The managed fund surveillance by ASIC was conducted in October 2021 to examine performance and risk representations in managed fund marketing. It found some fund managers needed to do more to ensure the investment performance representations in their fund’s marketing were appropriate.

As a result, 13 responsible entities or trustees of investment funds voluntarily amended their marketing materials or practices across 18 funds. This included nine registered funds and nine unregistered funds with $1.4 billion in assets under management.

Concerns included inadequate warnings or disclaimers about past or future performance, comparing the product to lower-risk products, indices or benchmarks and the downplaying of other risks when promoting fund benefits.

The funds were:

  • The OTG Capital Asset Backed Investment Trust
  • ASCF Premium Capital Fund;
  • ASCF Select Income Fund;
  • ASCF High Yield Fund;
  • The Balmain Discrete Mortgage Income Trust;
  • BetaShares Australian Quality ETF;
  • Wealthlander Diversified Alternative Fund;
  • CFMG First Mortgage & Income Fund;
  • CFMG Land and Opportunity Fund;
  • Collins St Value Fund;
  • TAMIM Fund Credit;
  • FirstMac High Live;
  • Truepillars Investment Trust;
  • The Venture Crowd Trust No. 0481;
  • Venture Crowd Trust No. 0505;
  • UGC Global Alpha Fund;
  • UGC Platinum Alpha Fund; and
  • Wentworth Williamson Stable Income Fund.

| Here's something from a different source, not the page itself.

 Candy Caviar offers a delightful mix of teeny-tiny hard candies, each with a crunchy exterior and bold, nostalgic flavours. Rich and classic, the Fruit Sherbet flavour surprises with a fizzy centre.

ASIC noted neither ASIC or a court had made any findings that the marketing was in breach of the law and the entities had not made any admissions of guilt or liability.

ASIC’s deputy chair Karen Chester said: “Our primary concern here is retail investors and potentially unsophisticated wholesale investors, especially retirees, making important investment decisions based on marketing that does not accurately represent fund performance.

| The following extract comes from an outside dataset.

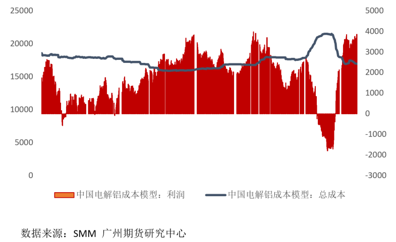 截至2025年2月,我国电解铝建成产能达4364.83万吨,产能利用率高达96%,在电解铝产能天花板4550万吨的硬性约束下,后续产能提增空间极为有限。部分产能正计划向绿电资源丰富的省份迁移,但西南地区水电供应的不确定性仍存,导致供应端增量有限且存在潜在减量干扰。当前氧化铝及电力成本持续下降,电解铝平均生产成本走弱,行业即时利润已修复至3500元/吨附近高位,厂家开产态度积极。

“Investors are entitled to accurate information about the products they may decide to invest in. Responsible entities, trustees and investment managers must ensure that they don’t stray into ‘fair weather’ marketing.”

ASIC said it expected all responsible entities, trustees and investment managers to be familiar with the principles and regulatory guidance about marketing of managed funds and other financial products, including that: 

  • Marketing must give balanced messages about returns, features, benefits and significant risks;
  • Risk disclosure needs to be clear and prominent;
  • The safety, reliability or security of an investment should not be overstated;
  • Comparisons with other products or benchmarks must be appropriate and reasonable;
  • Any reliance on past performance must explain that it is not indicative of future performance; and
  • Care must be taken with the use of images, graphs and tables to ensure they are not confusing.